Undoubtedly, this is an extreme solution. Friedman also suggested replacing CB discretion with monetary policy rules to resolve the problem of lack of coordination. But, as Alan Blinder has observed, such rules are “unlikely to score highly”.
Effective fiscal-monetary policy coordination requires appropriate supporting institutions and operating arrangements. As IMF research has shown, “neither legal independence of central bank nor a balanced budget clause or a rule-based monetary policy framework … are enough to ensure effective monetary and fiscal policy coordination”.
Although rules-based policies may enhance transparency and strengthen discipline, they cannot create “credibility”, which depends on policy content, not policy frameworks.
For Debelle, a combination of “goal dependence” and “instrument or operational independence” of CBs under strong democratic or parliamentary oversight may be appropriate for developed countries.
There is also a need to broaden membership of CB governing boards to avoid dominance by financial interests and to represent broader national interests.
But macro-policy coordination should involve more than merely an appropriate fiscal-monetary policy mix.

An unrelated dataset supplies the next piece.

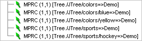 Figure 9.15 - Clics Souris Enregistrés avec le JTree Tout d'abord, essayez d'ajuster et de jouer votre séquence enregistrée pour comprendre comment les arbres sont gérés. Par exemple, en retirant les clics intermédiaires qui ont ouvert le nSud JTree, alors les nSuds colors ne sont pas nécessaires si vous voulez simplement cliquer sur le nSud yellow. Dans ce cas, QF-Test ouvrira automatiquement l'arbre. Maintenant regardons la syntaxe, par exemple pour le clic sur le nSud /JTree/colors/yellow. L'opérateur de chemin ('/') est mis en utilisation en décrivant le chemin pris par l'arbre pour trouver le bon nSud. Ce type de schéma présente de grands avantages dont celui d'éliminer immédiatement le problème d'unicité d'un autre nSud avec le même nSud situé dans une branche différente de l'arbre. Le seul problème d'unicité qui demeure est s'il y a des nSuds arbre du même nom situés dans la même branche (c'est-à-dire, il y a deux nSuds yellow situés dans /JTree/colors). Dans ce cas, nous pouvons revenir à notre mécanisme de référencement numérique d'un nSud. La modification de l'indexation d'un nSud JTree est la mieux réalisée en utilisant la méthode d'accès direct introduite dans la section précédente. Ici, nous utilisons l'un des opérateurs @, &, ou % pour permettre respectivement des références directes textuelles, numériques ou expression régulière. Voici à quoi ressemble une référence numérique au même nSud en utilisant l'accès direct :

A more coherent approach should also incorporate sectoral strategies, e.g., public investment in renewable energy, education & training, healthcare. Such policy coordination should enable sustainable development and reverse declining productivity growth.
As Buiter urges, it is up to governments “to make appropriate use of … fiscal space” created by fiscal-monetary coordination. Democratic checks and balances are needed to prevent “pork-barrelling” and other fiscal abuses and to protect fiscal decision-making from corruption.